Sollicité par Blick, le président de la commune justifie sa position: «J'ai le droit de dire si je ne me sens plus à l'aise avec cette constellation au sein du conseil communal». Il l'assure: cette annonce visait avant tout à informer rapidement la population du changement à venir. «Et j'ai aussi dit que ce changement, c'était peut-être moi», martèle-t-il.
A l'instar d'Edi Schnellmann, les villageois sont irrités par cette situation. Beaucoup se demandent ce qui a pu se passer entre les collègues du conseil. Renato Truniger siège au conseil municipal depuis 2005. Max Gmür l'a rejoint quatre ans plus en tant que président du conseil scolaire. Cela fait donc bientôt 16 ans que les deux hommes travaillent ensemble, une collaboration jusque-là sans accroc. Gmür lui-même ne comprend pas le revirement soudain de son collègue «Je ne savais pas moi-même pourquoi Renato Truniger ne voulait soudainement plus collaborer avec moi». Interrogé par Blick, le président de la commune n'a pas souhaité développer les raisons de ce conflit.
Certains propos tenus en début d'année par Truniger à la tribune d'une assemblée générale de l'UDC permettent néanmoins d'y voir un peu plus clair. Truniger avait alors évoqué un conflit rédhibitoire entre lui et Gmür. Motif: ce dernier aurait octroyé un avantage à un enseignant en lui proposant de prendre en charge une partie des frais de sa formation continue. Une pratique contraire au règlement du personnel, avait souligné Truniger lors de cette fameuse assemblée. Si le canton avait enquêté sur l'incident, il n'avait cependant pas constaté de faute disciplinaire.

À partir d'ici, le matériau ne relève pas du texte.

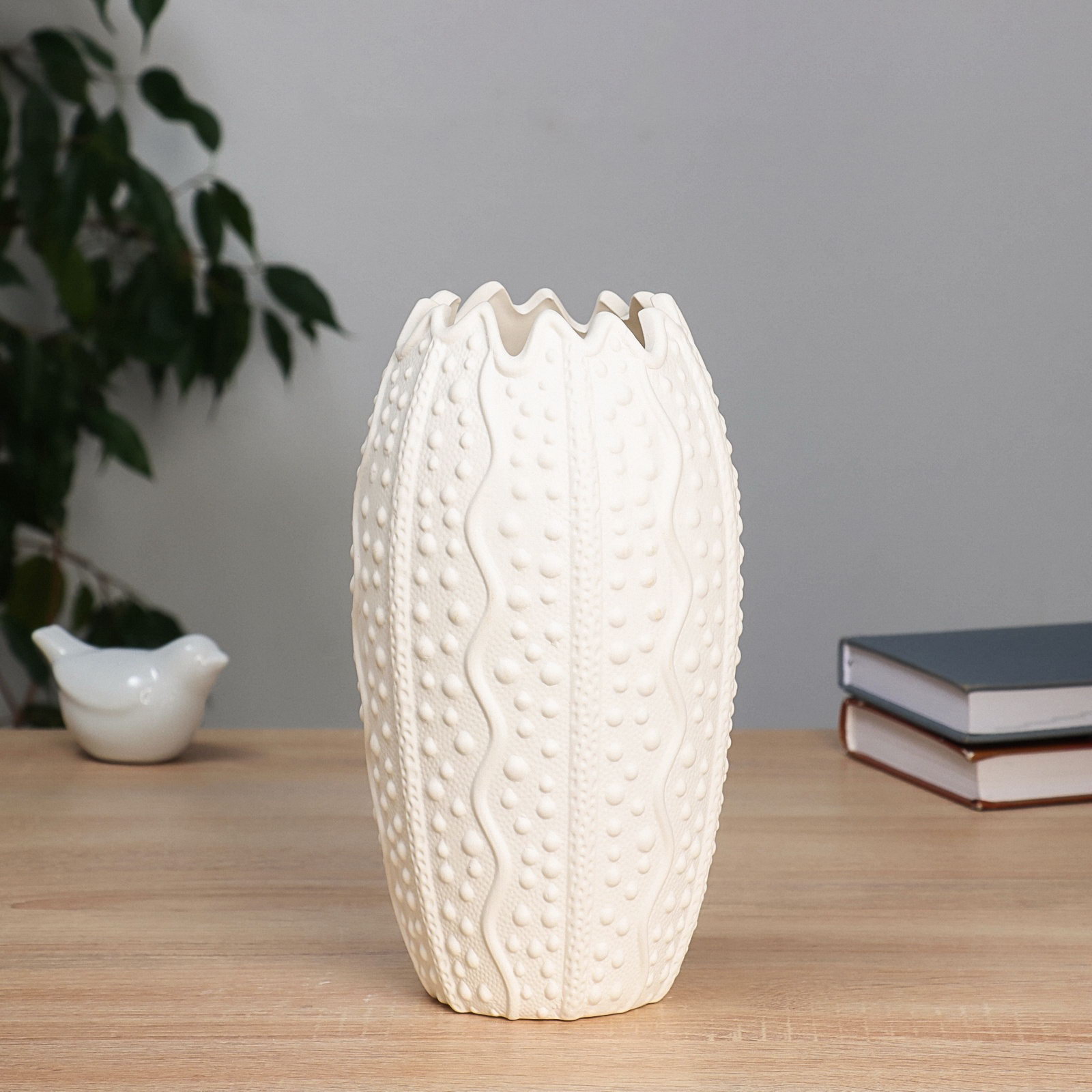 Размер упаковки: 13 x 23 x 13 см. Запрет реализации по сегментам: 00000000272 Цвет: Белый Вид вазы: Настольная Высота, см: 23 tnved: 6913910000 Текстура: С рельефом Высота, мм: 230 Поддержите уют и стиль в вашем доме с настольной вазой, которая станет ярким акцентом на любом столе или полке. Эта керамическая ваза в нежном белом цвете с рельефной текстурой добавит изысканность и элегантность вашему интерьеру, идеально сочетаясь с живыми или сухими цветами, а также простым декором. Преимущества

Autre point de discorde: les finances
Autre point d'achoppement, les finances communales, un sujet brûlant à Mosnang. Plusieurs villageois confirment que Gmür et Truniger ne sont pas sur la même longueur d'onde sur cette question. Le président du conseil scolaire est considéré comme un visionnaire, quelqu'un qui fait bouger les choses. En 2017 par exemple, Gmür avait instigué la construction de la plus grande couronne de l'Avent du monde, faisant entrer Mosnang... dans le Guinness Book des records. «Il a œuvré pour la cohésion», estime Edi Schnellmann.
Durant ses multiples mandats, Gmür n'a eu de cette de mettre la main au porte-monnaie, ce qui a eu le don d'agacer le président de la commune. «Mosnang a de faibles capacités sur le plan financier. Nous sommes endettés», soupire Truniger. «Je suis conscient que les finances ne sont pas un sujet populaire. Mais nous devons en tenir compte lorsque nous lançons de nouveaux projets.»
Avec cette attitude, le président de la commune s'est attiré les faveurs de nombreux habitants de la commune. Notamment Myrtha Schuler-Bonelli, qui ne tarit pas d'éloges à l'égard de son président: «Je vote pour ceux dont je pense qu'ils maîtrisent les finances», clame-t-elle.
«On est en train de manipuler une élection»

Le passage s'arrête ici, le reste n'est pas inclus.